_What you are asked to do_
Your output must be the lines below from the line containing "Контролируйте текстуру блюд, не" to the line containing "根据上面的配置,我做了一个简", both lines included, reproduced exactly and without pictures.

Supplied records Block Start

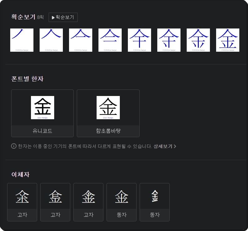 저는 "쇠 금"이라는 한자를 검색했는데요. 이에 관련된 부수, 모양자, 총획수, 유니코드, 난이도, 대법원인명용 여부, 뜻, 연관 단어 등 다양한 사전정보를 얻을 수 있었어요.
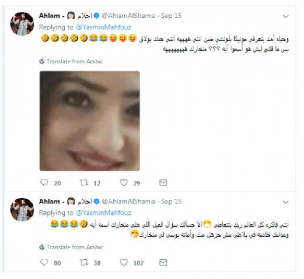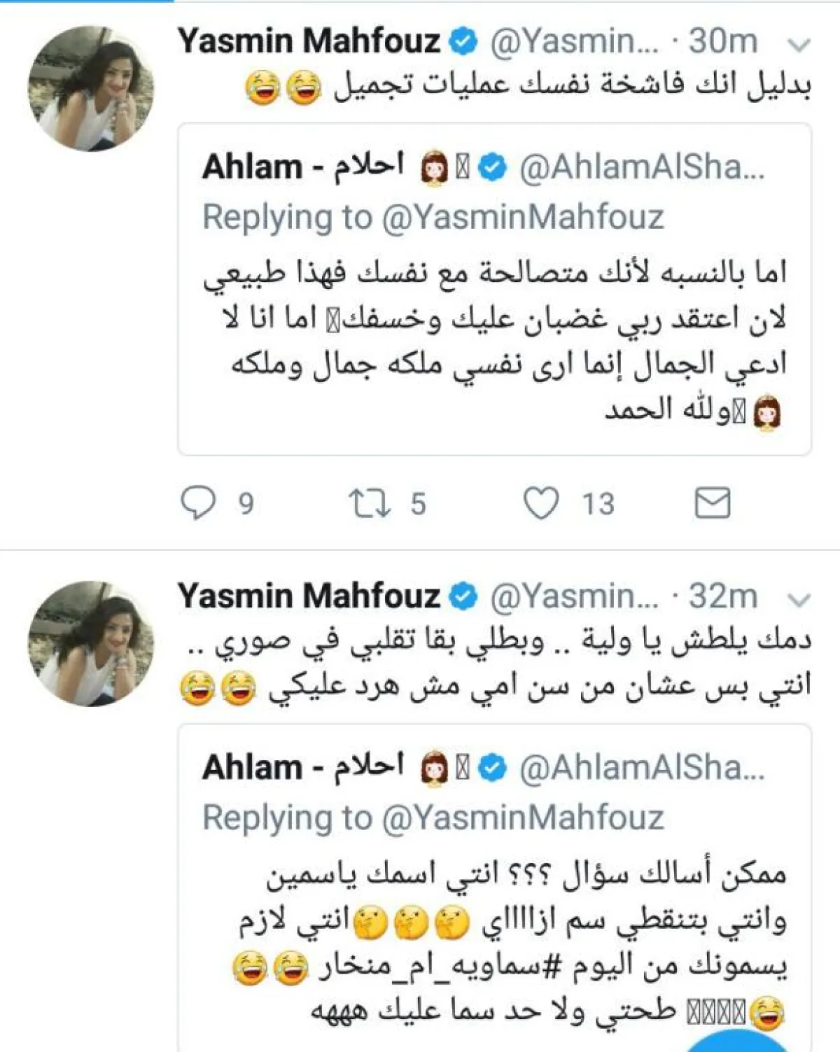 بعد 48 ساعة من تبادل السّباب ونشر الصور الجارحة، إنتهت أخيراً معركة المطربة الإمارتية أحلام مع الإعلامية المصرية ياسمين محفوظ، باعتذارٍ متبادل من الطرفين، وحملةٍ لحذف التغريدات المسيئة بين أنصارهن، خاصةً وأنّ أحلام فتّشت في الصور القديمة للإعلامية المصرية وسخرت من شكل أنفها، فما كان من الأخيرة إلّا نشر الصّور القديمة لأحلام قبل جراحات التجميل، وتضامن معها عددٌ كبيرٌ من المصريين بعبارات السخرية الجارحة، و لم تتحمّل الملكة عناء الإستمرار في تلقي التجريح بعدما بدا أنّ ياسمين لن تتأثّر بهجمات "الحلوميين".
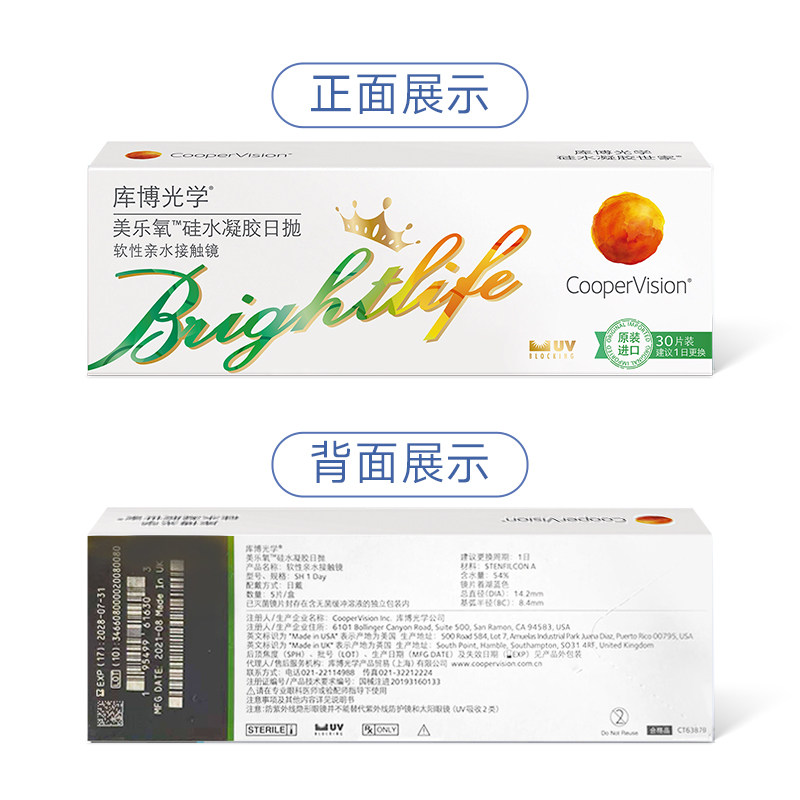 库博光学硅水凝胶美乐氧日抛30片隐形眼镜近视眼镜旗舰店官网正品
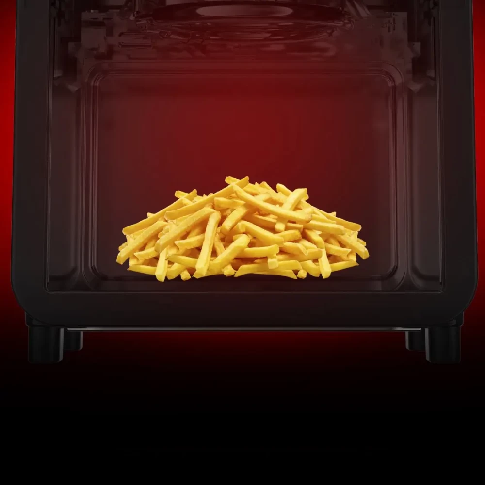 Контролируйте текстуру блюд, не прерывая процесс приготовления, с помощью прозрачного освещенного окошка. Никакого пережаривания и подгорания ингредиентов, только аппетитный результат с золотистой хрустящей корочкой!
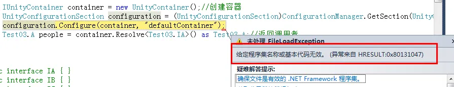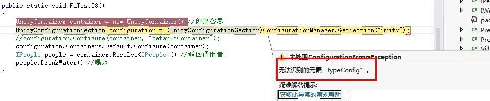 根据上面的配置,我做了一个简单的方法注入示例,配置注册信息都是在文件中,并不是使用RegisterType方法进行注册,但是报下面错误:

Supplied records Block End
Supplied records Block Start

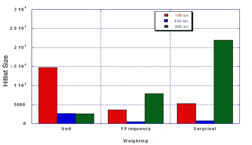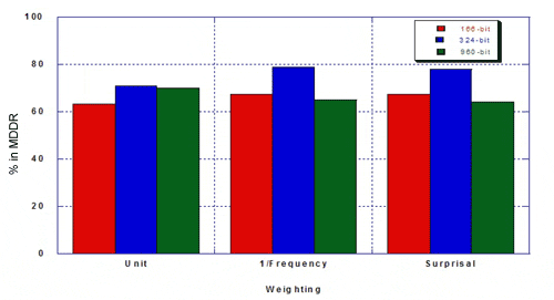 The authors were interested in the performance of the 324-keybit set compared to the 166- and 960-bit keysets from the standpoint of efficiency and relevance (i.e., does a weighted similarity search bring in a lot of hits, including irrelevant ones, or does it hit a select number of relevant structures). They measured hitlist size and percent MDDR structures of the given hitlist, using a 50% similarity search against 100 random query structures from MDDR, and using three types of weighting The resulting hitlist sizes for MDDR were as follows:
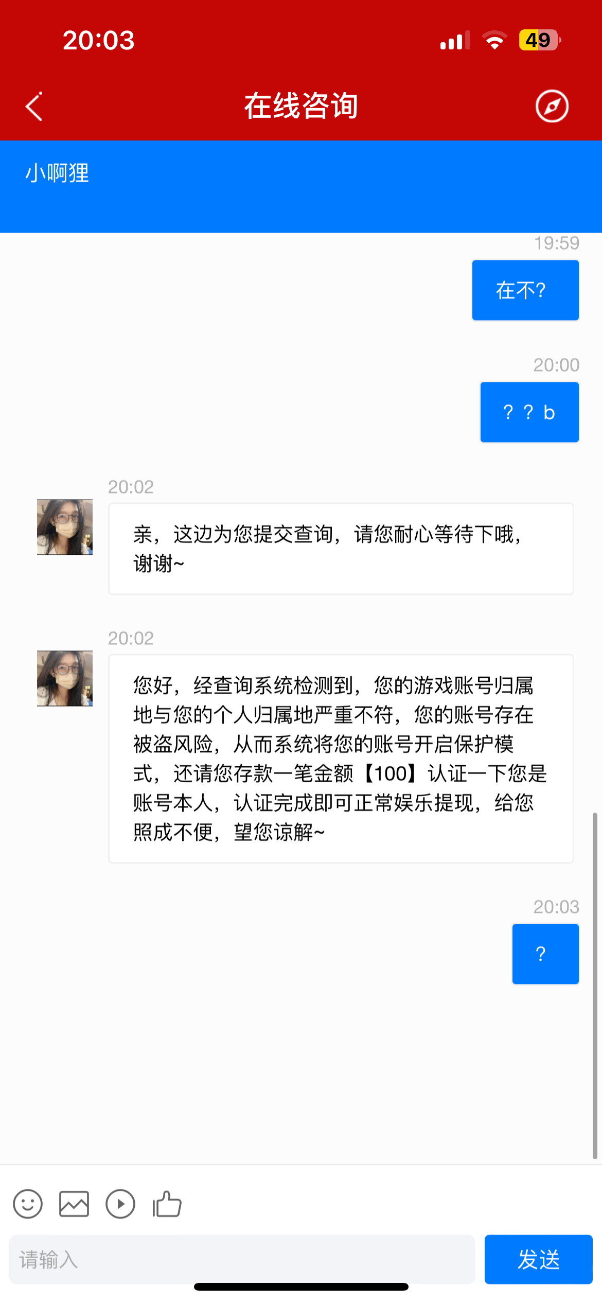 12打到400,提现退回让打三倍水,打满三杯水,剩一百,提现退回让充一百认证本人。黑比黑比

Supplied records Block End

_Exercise response_
 Контролируйте текстуру блюд, не прерывая процесс приготовления, с помощью прозрачного освещенного окошка. Никакого пережаривания и подгорания ингредиентов, только аппетитный результат с золотистой хрустящей корочкой!
 根据上面的配置,我做了一个简单的方法注入示例,配置注册信息都是在文件中,并不是使用RegisterType方法进行注册,但是报下面错误:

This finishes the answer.